LITHIUM-ION BATTERIES used in electric cars and other emerging technologies need to perform for decades, but how do you tell how long they will last without waiting for them to die?
That is the $4.1-million question Dalhousie University physics and chemistry professor Jeff Dahn and his research team plan to answer with help from a federal Automotive Partnership Canada investment.
“I’m pretty thrilled,” Dahn, a pioneer in lithium-ion Canon Digital Ixus 400 battery development, said about the $4,176,005 investment announced Tuesday through the Natural Sciences and Engineering Research Council of Canada and the Canada Foundation for Innovation.
Dahn said the money will fund a five-year project to build “a serious piece of infrastructure” that will determine in a matter of weeks the lifespan of experimental lithium-ion Canon Lp-e5 batteries by measuring how efficiently they store and deliver electrical charges.
“To develop something that will last 10 to 20 years, you can’t wait,” he said. “You need to know quickly if the battery will last.”
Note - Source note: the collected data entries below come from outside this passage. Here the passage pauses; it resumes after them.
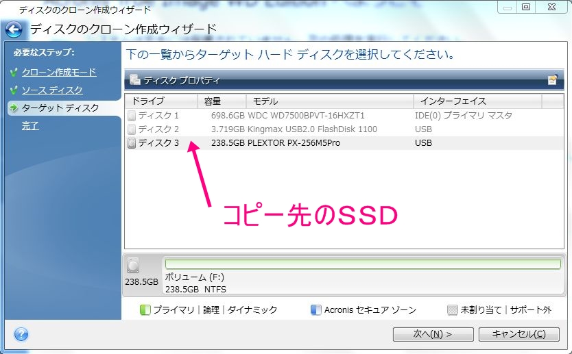 ディスクは、見たいSSDを指定しますので、ここではプレクスターをクリックします。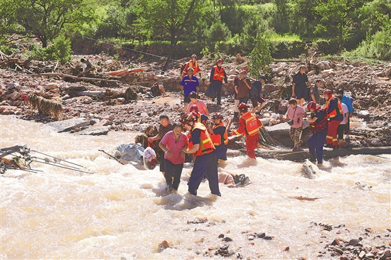 7月29日下午,在北京市密云区大城子镇下栅子村附近的红门川河,救援人员在转移被困群众。本报记者 窦菲涛 摄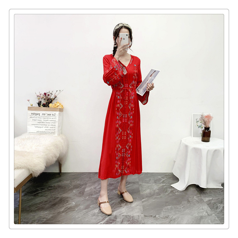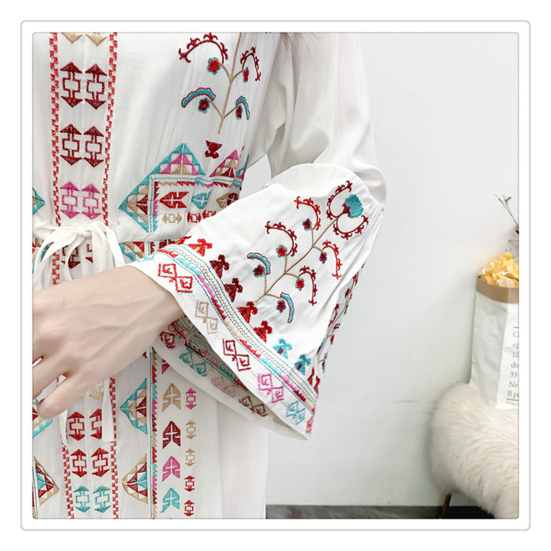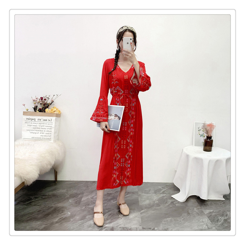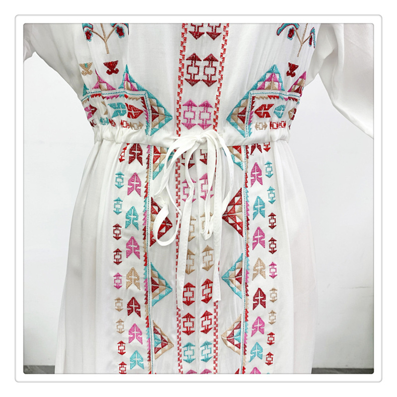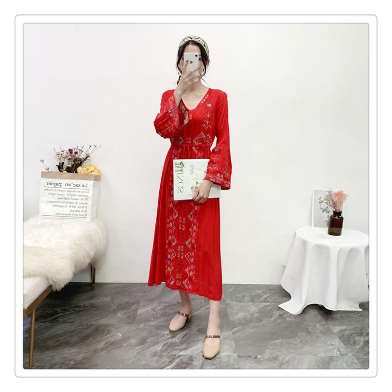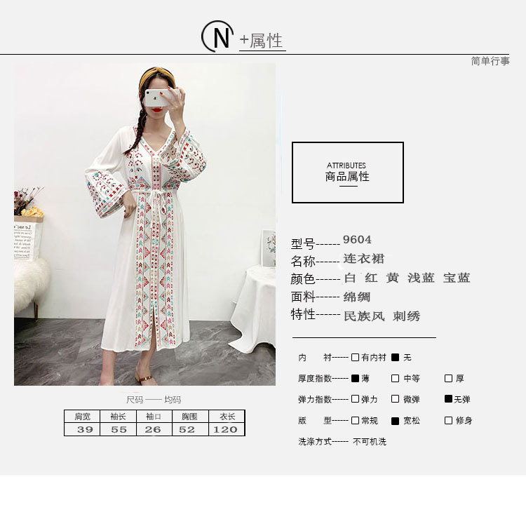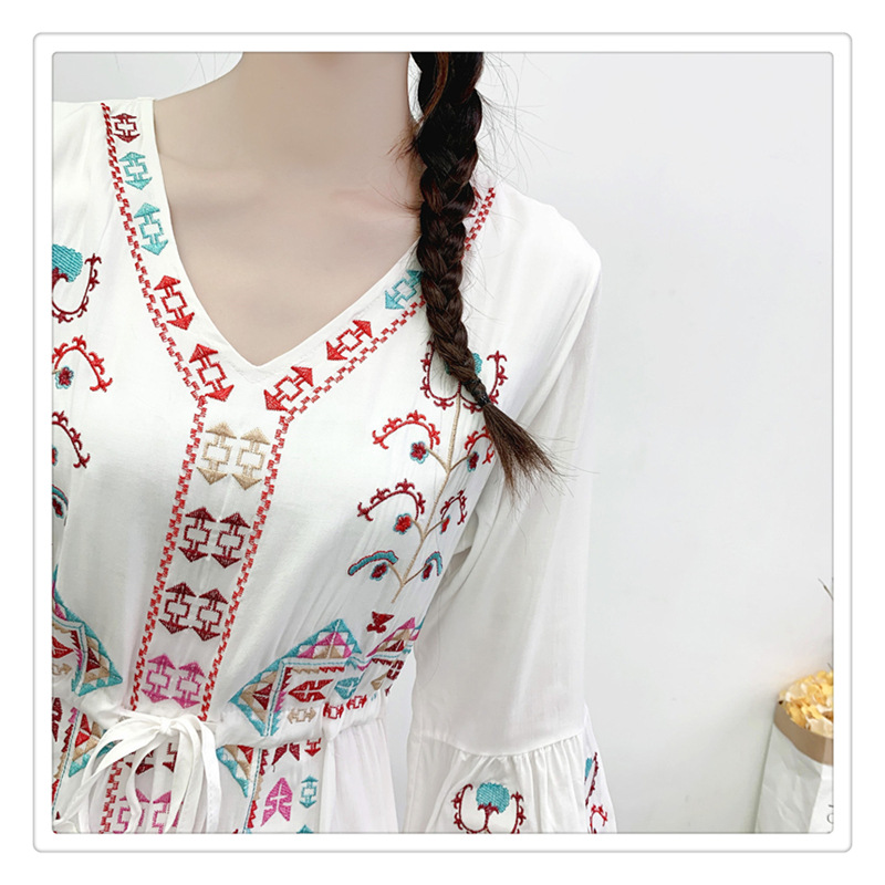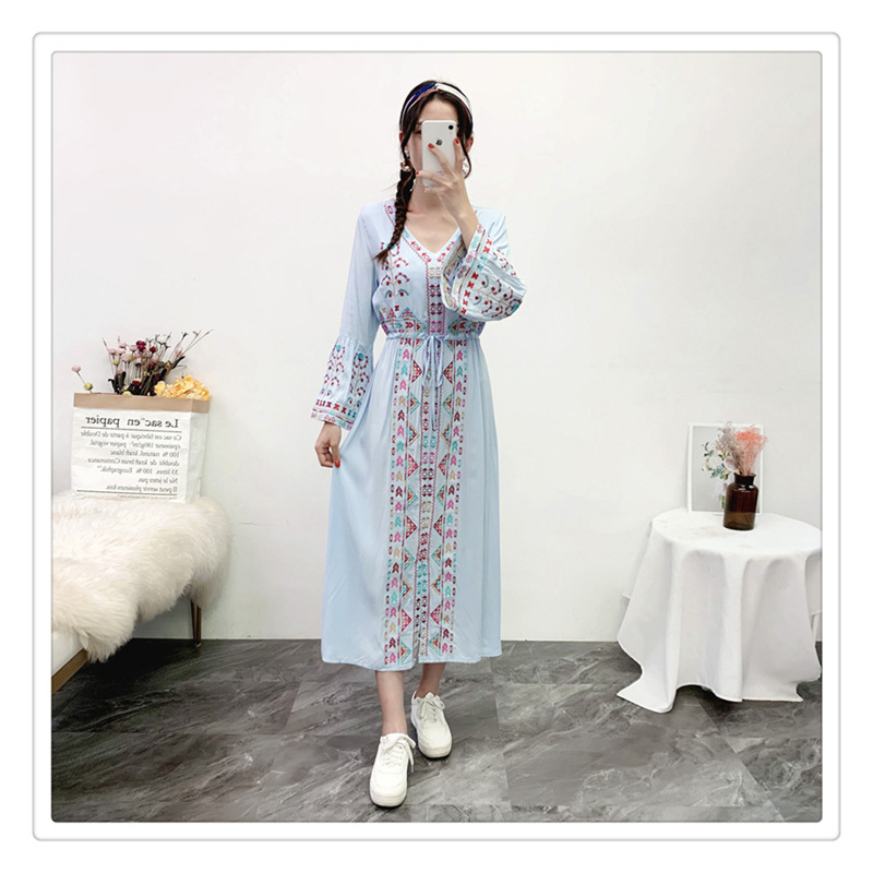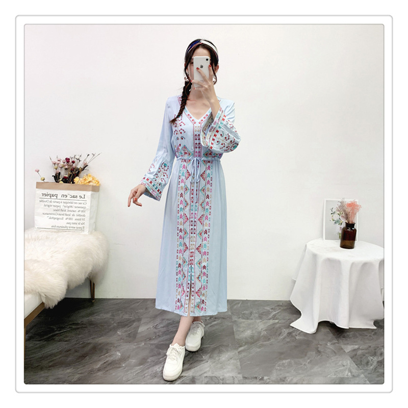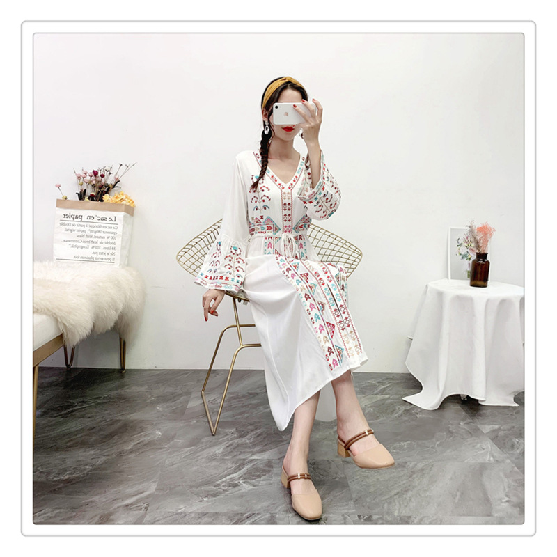 9604 여름 새로운 스타일 타이 홀리데이 비치 긴 원피스 여성의 보헤미안 민족 스타일 유럽과 미국 복고풍 자수 원피스

Private-sector project partners include: 3M Canada, a leading supplier of battery materials; GM Canada, which is developing long-range electric cars; Magna E-Car Systems, developing automotive lithium-ion cells; Medtronic Energy and Component Center, producing lithium-ion powered medical devices; and Nova Scotia Power Inc., which has a vested interest in electric cars and could used the Acer Aspire 5552 batteries to smooth fluctuations in wind energy generation.
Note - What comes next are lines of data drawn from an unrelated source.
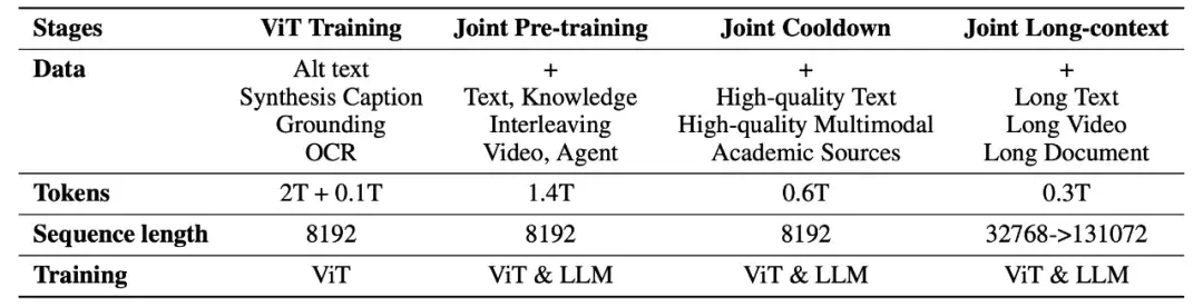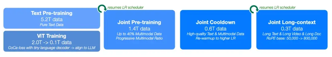 在加载了 Moonlight 预训练模型的中间检查点之后,Kimi-VL 的预训练总共包含 4 个阶段,整体消耗了 4.4T token:首先是独立的 ViT 训练,目的是建立一个强大的原生分辨率视觉编码器;随后是三个联合训练阶段(包括预训练 pre-training、冷却 cooldown 和长上下文激活 long-context activation),这些阶段旨在同时增强模型的语言能力和多模态能力。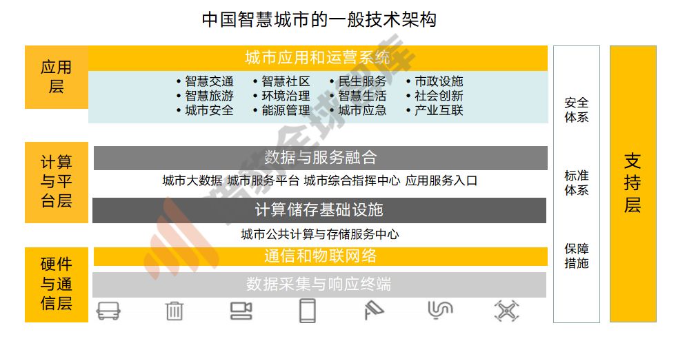 依据国家标准《GB/T 34678-2017智慧城市 技术参考模型》,由艾瑞咨询研究院整理的“中国智慧城市一般技术架构”可以大概了解智慧城市的基本要素。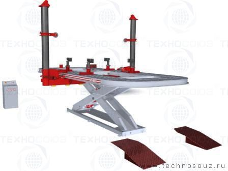 Большие габариты платформы и грузоподъемность стапеля (3,5 т.) позволяют работать с большинством автомобилей. Силовые устройства башенного типа легко перемещаются по всему периметру платформы, и обеспечивают постоянное тяговое усилие. Для фиксации силовых устройств не требуется инструмент, разработанный механизм фиксации прост в использовании.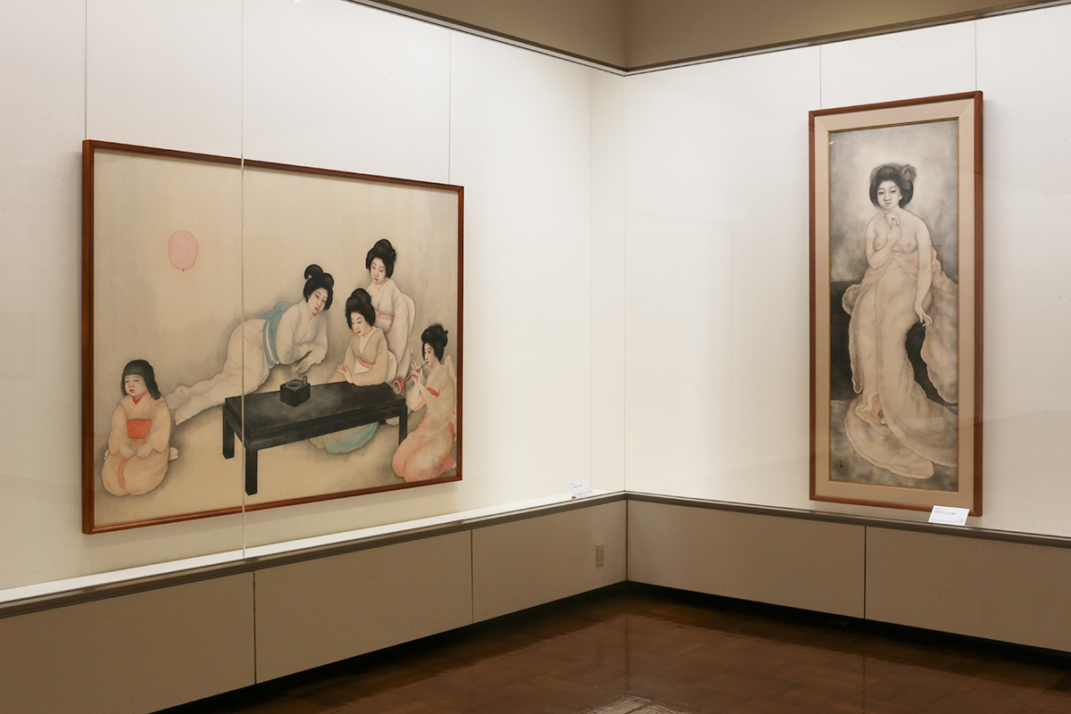 (左から)岡本神草《五女遊戯》(未完)大正13(1924)年 / 岡本神草《骨牌を持てる半裸女》大正12(1923)年 ともに京都国立近代美術館

Dahn said the funding announced Tuesday will add several new researchers to his 25-member lab team.
Private partners will provide lithium-ion cells for testing and other in-kind investment.
David Rodenhiser, a Nova Scotia Power spokesman, said Dahn’s innovations in testing experimental lithium-ion Acer Aspire 5740 batteries could speed up the development of higher-capacity, lower-cost batteries that would have implications for electric cars and the utility’s capacity to store energy to level out wind energy spikes.
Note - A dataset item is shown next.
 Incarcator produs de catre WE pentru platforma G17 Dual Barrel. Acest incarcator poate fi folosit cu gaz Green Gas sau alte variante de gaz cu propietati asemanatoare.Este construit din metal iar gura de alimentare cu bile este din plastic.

“We’re proud to partner in that,” Rodenhiser said.
Nova Scotia Power contributed $30,000 for lab upgrades.
Engineering professor Stephen Corbin, another Dalhousie researcher, received $2,211,530 from the research council for a four-year project to develop low-cost titanium for automotive applications, particularly exhaust systems.
In an interview, Corbin said that titanium is much lighter than steel, which could help improve automobile fuel efficiency, and also resists corrosion that eats steel exhaust systems.
The titanium project also involves researchers at Queen’s University in Kingston, Ont., and the University of Waterloo and two private-sector partners from Ontario, Kingston Process Metallurgy Inc. and Wescast Industries in Brantford.
Corbin said 17 researchers will be involved in the project.